Exercise input:

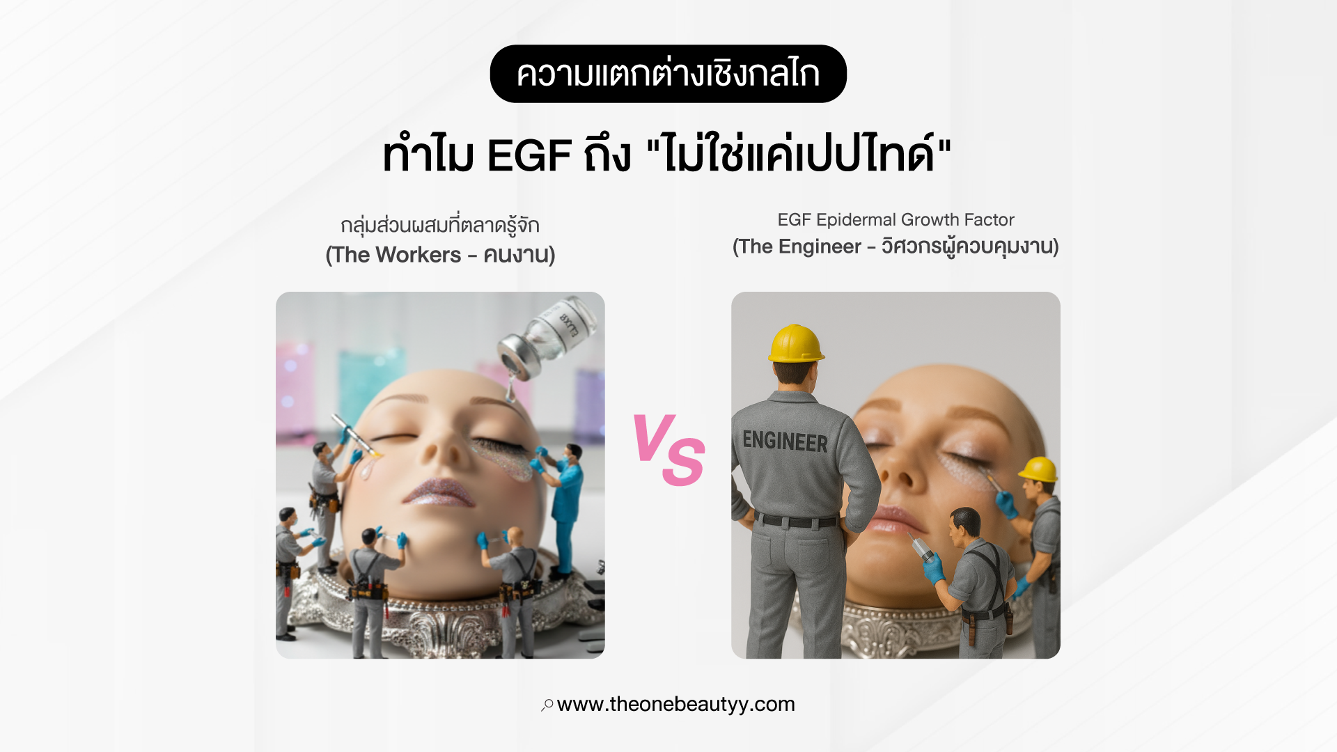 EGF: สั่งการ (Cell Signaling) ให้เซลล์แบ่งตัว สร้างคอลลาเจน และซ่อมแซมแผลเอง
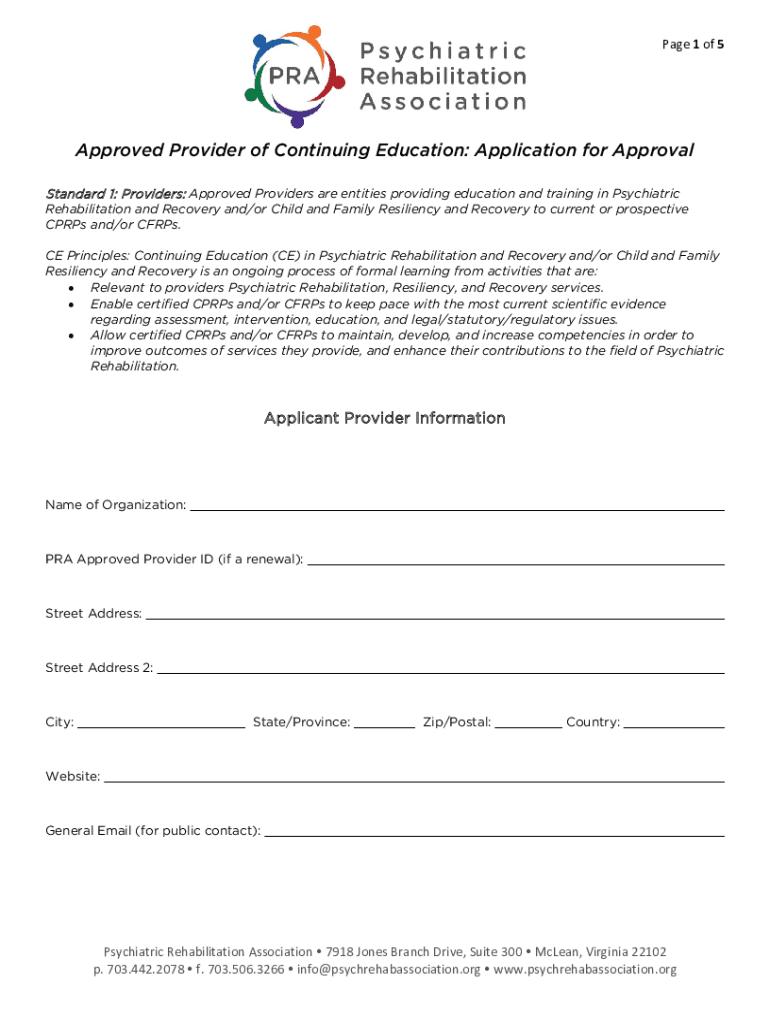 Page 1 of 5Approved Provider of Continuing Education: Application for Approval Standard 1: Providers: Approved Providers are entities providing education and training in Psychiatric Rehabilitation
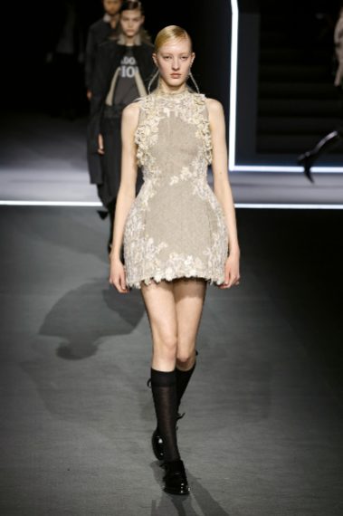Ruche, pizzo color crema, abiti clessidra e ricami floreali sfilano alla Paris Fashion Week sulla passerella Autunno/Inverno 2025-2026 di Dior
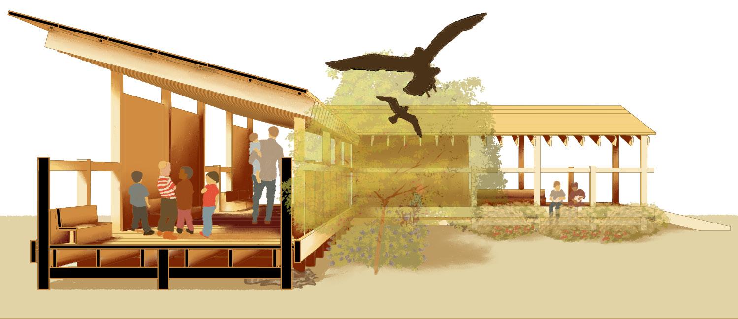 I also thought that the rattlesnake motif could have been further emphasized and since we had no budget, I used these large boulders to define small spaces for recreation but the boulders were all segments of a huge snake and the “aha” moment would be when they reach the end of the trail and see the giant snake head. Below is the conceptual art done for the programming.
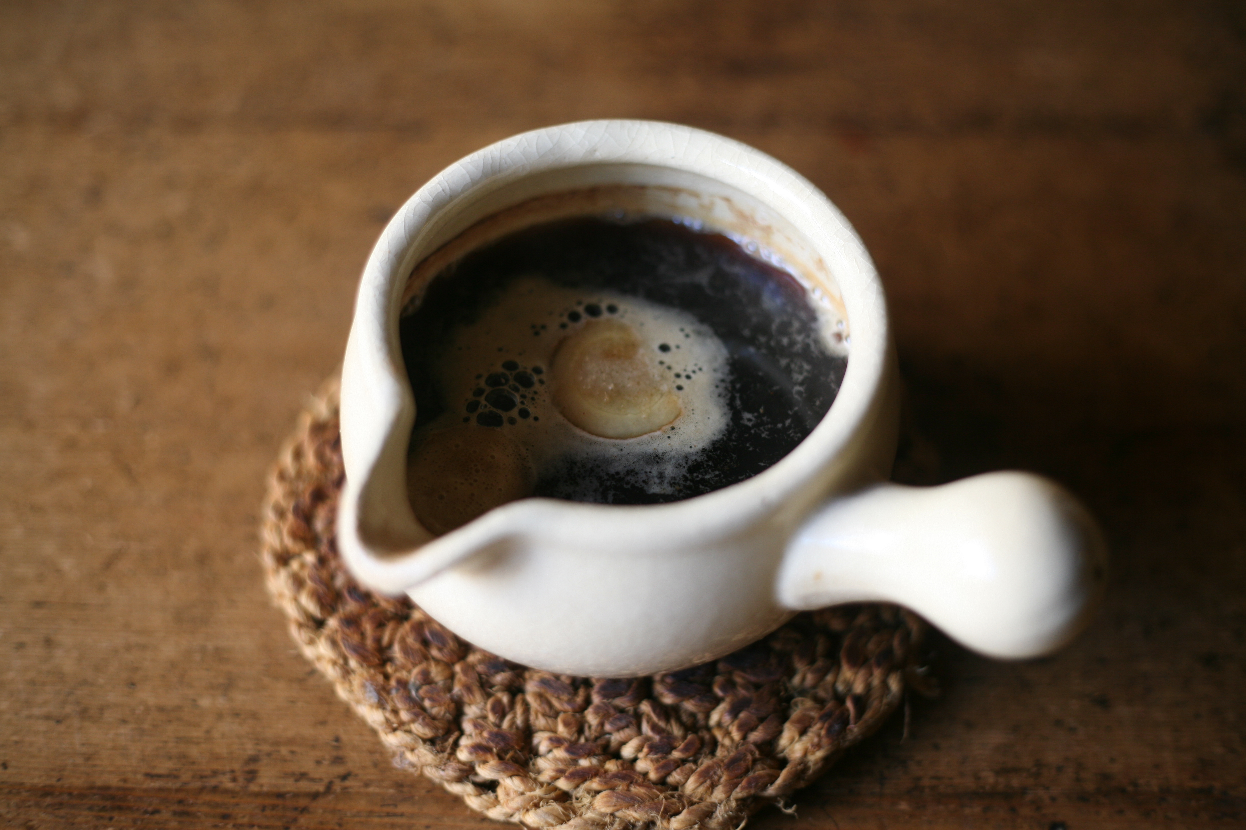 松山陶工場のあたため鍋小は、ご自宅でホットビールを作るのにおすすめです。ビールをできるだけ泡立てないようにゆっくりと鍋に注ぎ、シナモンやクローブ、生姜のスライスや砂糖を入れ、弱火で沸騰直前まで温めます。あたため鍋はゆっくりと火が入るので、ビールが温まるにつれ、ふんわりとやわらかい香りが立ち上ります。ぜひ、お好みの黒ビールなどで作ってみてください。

Exercise details:
Would you repeat exactly, and only, the lines from the start of the records above through the line containing "Page 1 of 5Approved", with the pictures omitted?

Finished exercise:
 EGF: สั่งการ (Cell Signaling) ให้เซลล์แบ่งตัว สร้างคอลลาเจน และซ่อมแซมแผลเอง
 Page 1 of 5Approved Provider of Continuing Education: Application for Approval Standard 1: Providers: Approved Providers are entities providing education and training in Psychiatric Rehabilitation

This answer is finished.